So this tea came with a warning. It’s a warning I’ve seen before, which is one of the reasons it’s so dang hard to stop myself from stockpiling tea. See, white2tea’s May tea club is a tradition: a 50 gram cake of pressed old arbor pu-erh. This is what the newsletter said (reprinted with permission):
Yunnan was (and still is!) experiencing a tough drought and intense heat. The tea trees were under immense pressure from the heat and lack of moisture, causing some trees to not bud at all. One of our tea friends remarked “It was something I had to see to believe, they said there was no tea, but I didn’t believe it until I saw it firsthand.”
The good news is that some tea farmers who have chosen more sustainable methods (such as keeping heavy ground cover near their plants and maintaining biodiversity throughout their gardens) were greatly rewarded this year, while farmers who plowed under for an immediate bump in yield (or who planted monocultures tea gardens) saw the inherent downfalls of these methods as moisture quickly evaporated under the high-altitude Yunnan sun.
In either case, yields were slashed across the board. Farmers who previously had 100kg of spring old arbor tea were lucky to process 30kg. With the caveat that Yunnan is large, and my examples are anecdotal, I traveled all over the province and arrived earlier than most, with the above examples coming from my own direct experience. It was a more difficult year than most to secure teas, even for those of us who spent the whole spring on the ground in the mountains.
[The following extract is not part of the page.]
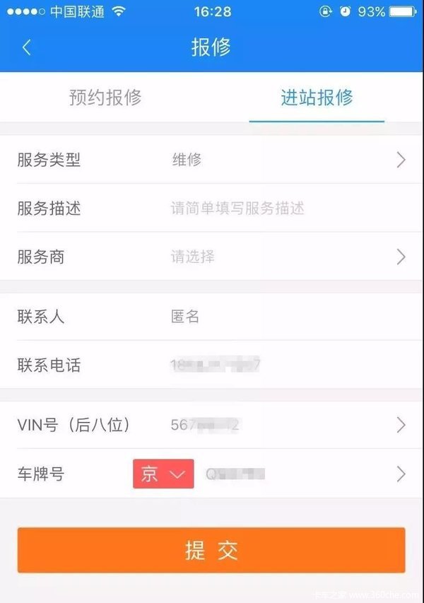 选择服务商,通过VIN或车牌号进入车辆列表,

Many of our so-called luxury items—tea, coffee, chocolate, wine—are coming under threat as global warming changes their natural habitat. And yes, of course people will be able to propagate it elsewhere, but terroir matters, age of tree matters. It won’t be the same.
Even more important, if the amount of arable land goes down, I will have to make a choice between me drinking tea and other people not starving to death. I will get rid of my tea every single time. I prefer not to make that choice, but here we are.
There are things I can do about climate change—things like minimizing the amount that I drive, adding insulation, using heat pumps in conjunction with solar panels, planting native, xeric plants in my front yard to fix as much carbon as I can and to provide native habitat, trying to replace plastic waste with alternatives as much as possible, being conscious of what I eat… I’m doing things. I don’t want to knock the things I do. I think there is value in my doing them.
But I am not going to be able to fix climate change on my own. I know we need to make global changes, but I don’t know if I even like the direction this country is going, let alone the globe.
But hope is always a matter of scale. I don’t know how to change the globe. I don’t know how to change the country. But there is something I can do: I can change my city, and a city is a bigger start than just me.
This week, I looked up the name of my city councilmember and wrote, asking what our city’s timeline was for decarbonization. Not, do we have a timeline. Not, have you considered how to reduce carbon. Just: what is the timeline for this thing that we absolutely have to do.
I am not going to be able to fix climate change on my own. But maybe I can fix something. Maybe if I tell enough of you, some of you all will think about what you can do locally. It’s not going to work if it’s just me, but it will be if it’s enough of us. I don’t now how many of us will be enough, but you know what? Let’s try and find out.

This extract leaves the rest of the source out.